*** Opening of THE RECORDS ***
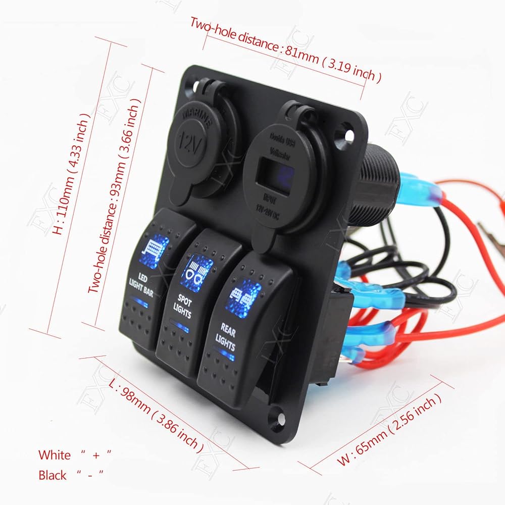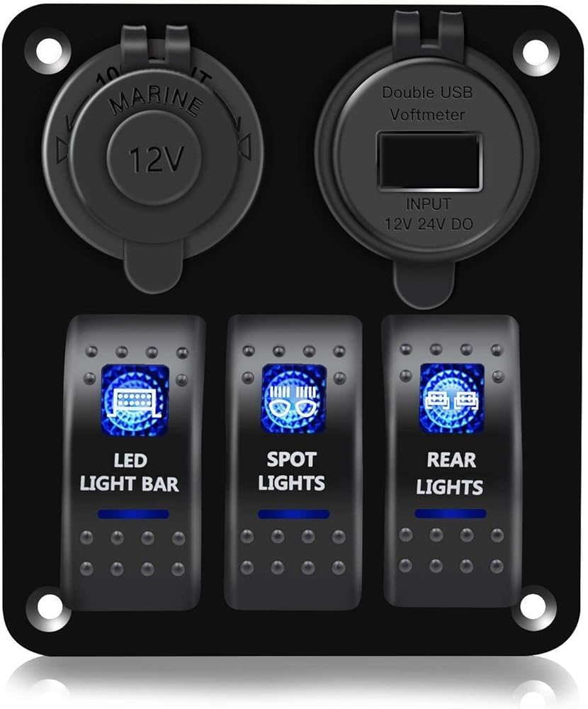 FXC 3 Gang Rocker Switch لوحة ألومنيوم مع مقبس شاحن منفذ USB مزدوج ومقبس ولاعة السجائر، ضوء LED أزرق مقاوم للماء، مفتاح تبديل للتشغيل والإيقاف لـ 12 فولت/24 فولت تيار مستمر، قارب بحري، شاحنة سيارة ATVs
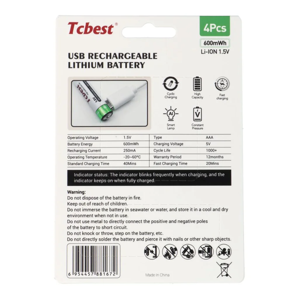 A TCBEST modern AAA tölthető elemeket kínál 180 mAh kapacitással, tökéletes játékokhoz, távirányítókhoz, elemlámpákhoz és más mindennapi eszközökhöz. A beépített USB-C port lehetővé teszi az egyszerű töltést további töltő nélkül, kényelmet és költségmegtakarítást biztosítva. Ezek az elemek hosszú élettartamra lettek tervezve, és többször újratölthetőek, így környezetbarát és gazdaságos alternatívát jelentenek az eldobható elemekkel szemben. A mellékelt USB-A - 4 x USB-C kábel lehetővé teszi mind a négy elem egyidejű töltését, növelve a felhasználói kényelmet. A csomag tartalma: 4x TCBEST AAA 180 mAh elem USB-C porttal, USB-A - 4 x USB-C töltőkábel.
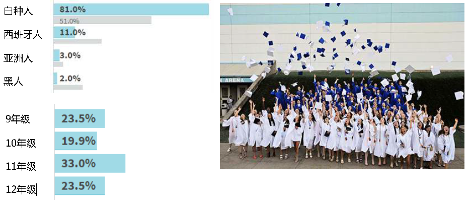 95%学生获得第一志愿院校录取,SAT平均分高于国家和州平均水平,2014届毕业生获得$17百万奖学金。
*** Close of THE RECORDS ***
*** Opening of THE RECORDS ***
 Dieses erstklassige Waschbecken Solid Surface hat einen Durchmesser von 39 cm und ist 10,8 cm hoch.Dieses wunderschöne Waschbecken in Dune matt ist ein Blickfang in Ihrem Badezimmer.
*** Close of THE RECORDS ***
(PROBLEM STATEMENT): Look above for the line with "FXC 3 Gang Rocker" and the line with "95%学生获得第一志愿院校录", then copy exactly the lines from the first through the second, both kept, with no pictures.

(REPLY TO THE EXERCISE):
 FXC 3 Gang Rocker Switch لوحة ألومنيوم مع مقبس شاحن منفذ USB مزدوج ومقبس ولاعة السجائر، ضوء LED أزرق مقاوم للماء، مفتاح تبديل للتشغيل والإيقاف لـ 12 فولت/24 فولت تيار مستمر، قارب بحري، شاحنة سيارة ATVs
 A TCBEST modern AAA tölthető elemeket kínál 180 mAh kapacitással, tökéletes játékokhoz, távirányítókhoz, elemlámpákhoz és más mindennapi eszközökhöz. A beépített USB-C port lehetővé teszi az egyszerű töltést további töltő nélkül, kényelmet és költségmegtakarítást biztosítva. Ezek az elemek hosszú élettartamra lettek tervezve, és többször újratölthetőek, így környezetbarát és gazdaságos alternatívát jelentenek az eldobható elemekkel szemben. A mellékelt USB-A - 4 x USB-C kábel lehetővé teszi mind a négy elem egyidejű töltését, növelve a felhasználói kényelmet. A csomag tartalma: 4x TCBEST AAA 180 mAh elem USB-C porttal, USB-A - 4 x USB-C töltőkábel.
 95%学生获得第一志愿院校录取,SAT平均分高于国家和州平均水平,2014届毕业生获得$17百万奖学金。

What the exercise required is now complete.